Information -
══════

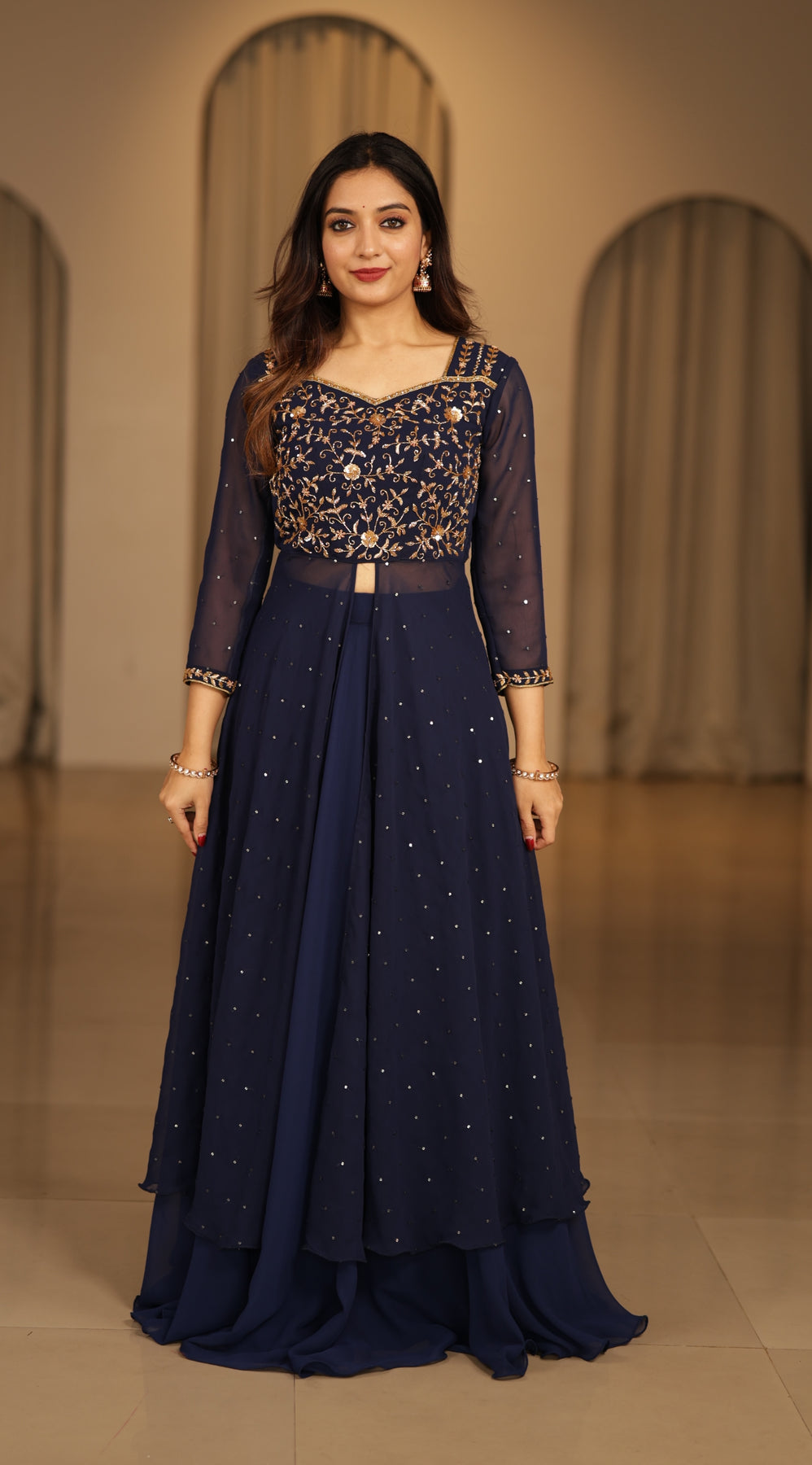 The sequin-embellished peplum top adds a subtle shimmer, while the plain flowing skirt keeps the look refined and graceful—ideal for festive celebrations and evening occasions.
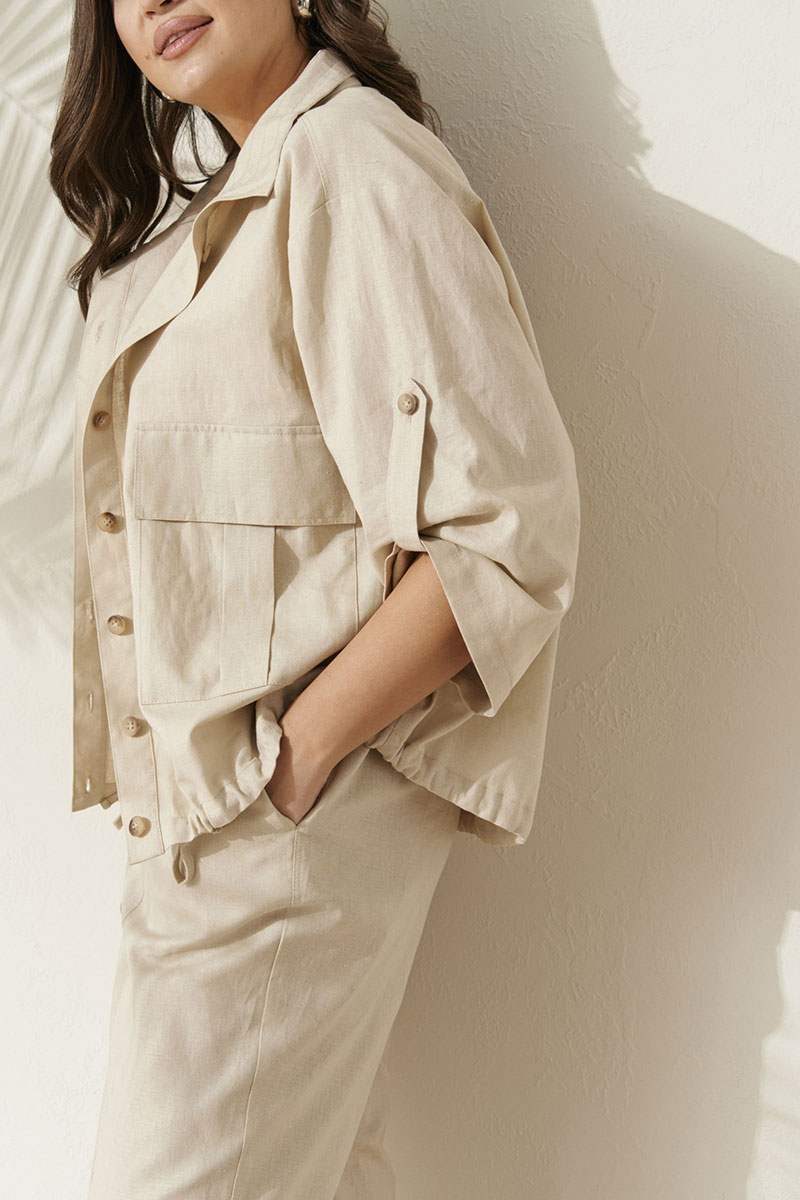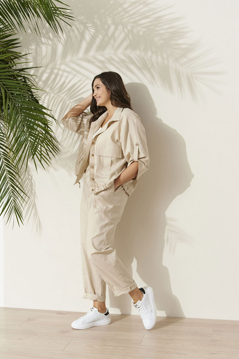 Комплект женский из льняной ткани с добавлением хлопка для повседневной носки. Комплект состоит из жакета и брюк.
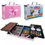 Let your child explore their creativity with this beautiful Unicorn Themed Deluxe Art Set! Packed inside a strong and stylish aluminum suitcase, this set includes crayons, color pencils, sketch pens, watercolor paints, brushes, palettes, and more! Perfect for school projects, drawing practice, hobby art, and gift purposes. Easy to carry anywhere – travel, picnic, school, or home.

══════

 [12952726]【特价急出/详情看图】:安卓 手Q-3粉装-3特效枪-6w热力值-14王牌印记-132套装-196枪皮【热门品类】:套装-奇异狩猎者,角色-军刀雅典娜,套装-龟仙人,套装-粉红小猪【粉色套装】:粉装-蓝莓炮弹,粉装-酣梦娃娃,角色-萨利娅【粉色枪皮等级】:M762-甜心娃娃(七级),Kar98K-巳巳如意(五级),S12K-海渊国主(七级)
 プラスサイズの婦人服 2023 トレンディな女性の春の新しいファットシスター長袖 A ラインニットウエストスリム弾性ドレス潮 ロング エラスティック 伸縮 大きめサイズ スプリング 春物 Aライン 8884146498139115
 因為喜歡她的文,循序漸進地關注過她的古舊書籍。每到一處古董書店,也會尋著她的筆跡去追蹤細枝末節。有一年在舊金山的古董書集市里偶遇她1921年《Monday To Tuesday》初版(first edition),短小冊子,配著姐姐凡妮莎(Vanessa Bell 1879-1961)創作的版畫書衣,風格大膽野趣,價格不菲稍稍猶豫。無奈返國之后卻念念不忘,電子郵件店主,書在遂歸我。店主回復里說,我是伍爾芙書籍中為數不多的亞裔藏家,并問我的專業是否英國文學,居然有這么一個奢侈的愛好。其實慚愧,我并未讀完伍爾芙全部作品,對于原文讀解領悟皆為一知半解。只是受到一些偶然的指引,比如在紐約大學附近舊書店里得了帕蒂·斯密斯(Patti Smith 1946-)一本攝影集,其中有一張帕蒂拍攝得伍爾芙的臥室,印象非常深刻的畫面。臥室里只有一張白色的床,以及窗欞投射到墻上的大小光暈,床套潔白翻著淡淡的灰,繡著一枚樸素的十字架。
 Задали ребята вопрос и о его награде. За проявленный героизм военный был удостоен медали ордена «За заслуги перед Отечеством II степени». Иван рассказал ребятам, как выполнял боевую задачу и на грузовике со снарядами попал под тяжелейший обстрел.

══════

Problem statement -
Once the line with "The sequin-embellished peplum" is found above, print it and every line after it through the line with "Комплект женский из", exactly. Pictures stay out.

Expected answer -
 The sequin-embellished peplum top adds a subtle shimmer, while the plain flowing skirt keeps the look refined and graceful—ideal for festive celebrations and evening occasions.
 Комплект женский из льняной ткани с добавлением хлопка для повседневной носки. Комплект состоит из жакета и брюк.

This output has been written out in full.